H Tsang*, CP Kamerling , S Nill , U Oelfke , The Institute of Cancer Research and The Royal Marsden NHS Foundation Trust, London, UK

Presentations

TH-AB-BRB-12 (Thursday, July 16, 2015) 7:30 AM - 9:30 AM Room: Ballroom B


Purpose: Current practice of using 3D margins in radiotherapy with high-energy photon beams provides larger-than-required target coverage. Negligible dose changes for small CTV displacements in the beam direction allow for the design of 2D-based CTV-PTV margins. We investigate the impact of a novel 2D margin concept for prostate radiotherapy treatments.

Methods: Our implementation of 2D margins follows van Herk’s (2000) margin recipe by considering only geometrical uncertainties perpendicular to the incident beam direction. The union of all beam-angle-dependent expansions defines our PTV. Five prostate radiotherapy plans were generated using IMRT inverse planning following clinical protocols with a prescription of 74Gy in 37 fractions. Systematic uncertainties of 1.1, 1.1, 1.5mm in the LR, SI, and AP directions, respectively, and 0.9, 1.1, 1.0mm for the random uncertainties, were used. A verification tool was used to simulate the effects of systematic and random errors, using a population of 10,000 identical geometries. The fraction of the population that satisfies or violates a certain dose or volume constraint was used for comparison.

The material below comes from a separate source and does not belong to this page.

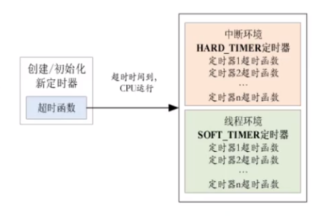 HARD_ _TIMER 模式的定时器超时函数在中断上下文环境中执行,此模式在定时器初始化时指定。在中断上下文环境中执行时,对于超时函数的要求与中断服务例程的要求相同:执行时间应该尽量短,执行时不应导致当前,上”下文挂起。HARD_ TIMER 模式是RT-Thread软件定时器的默认方式。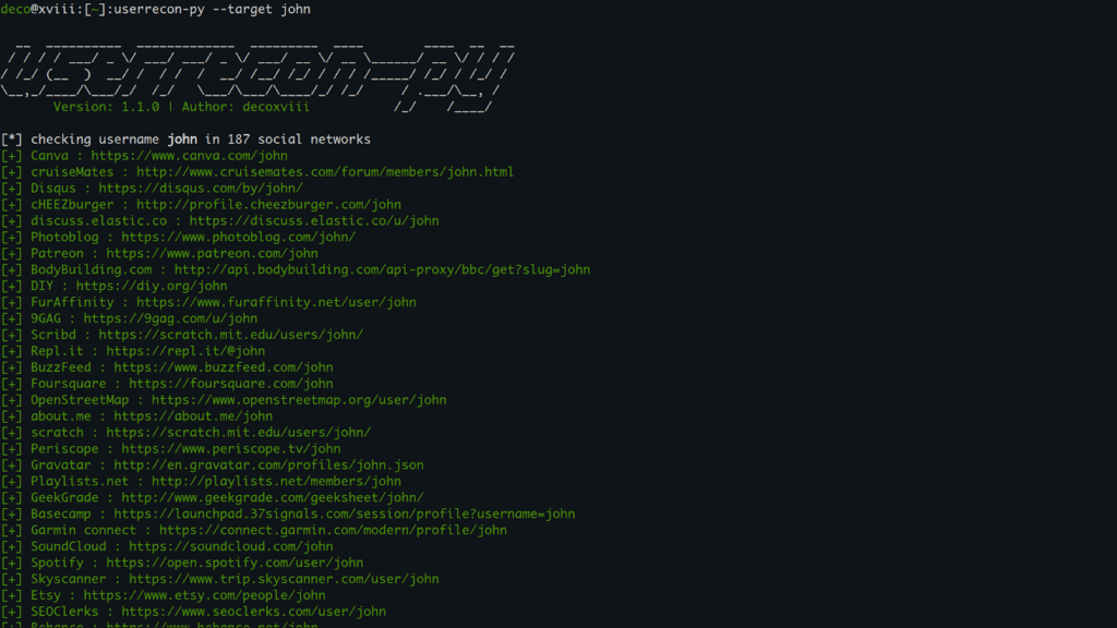 To completely perform reconnaissance to someone, you have to find digital data about target on any websites or social media. Because the data found in any website is very important to deduce correctly who this person really is. You can use any OSINT tools to perform reconnaissance, but you have to try tool called “ userrecon-py ” to perform username Recognition on any Websites and Social networks.

Results: The median observed PTV volume reduction between the 3D and 2D margins is 7.85% (range, 7.14-8.29%). Using the verification tool, all CTVs had close to 100% of the population satisfying D98% > 95% of the prescribed dose. When applying the verification tool to analyse the rectal doses delivered, a median relative reduction of 1.05% (range, 0.66-6.17%) of the population was observed for D2% above 70Gy; similarly for D2% above 74Gy, a median relative reduction of 31.7% (range, 13.3-52.6%) was observed.

Conclusion: We are able to ascertain sufficient dose coverage using our 2D margin concept for planning whilst lowering dose to nearby structures, though the amount of sparing depends largely on the patients’ anatomy. With the coverage observed using our novel technique, we believe additional room exists for sparing dose to target-adjacent OARs.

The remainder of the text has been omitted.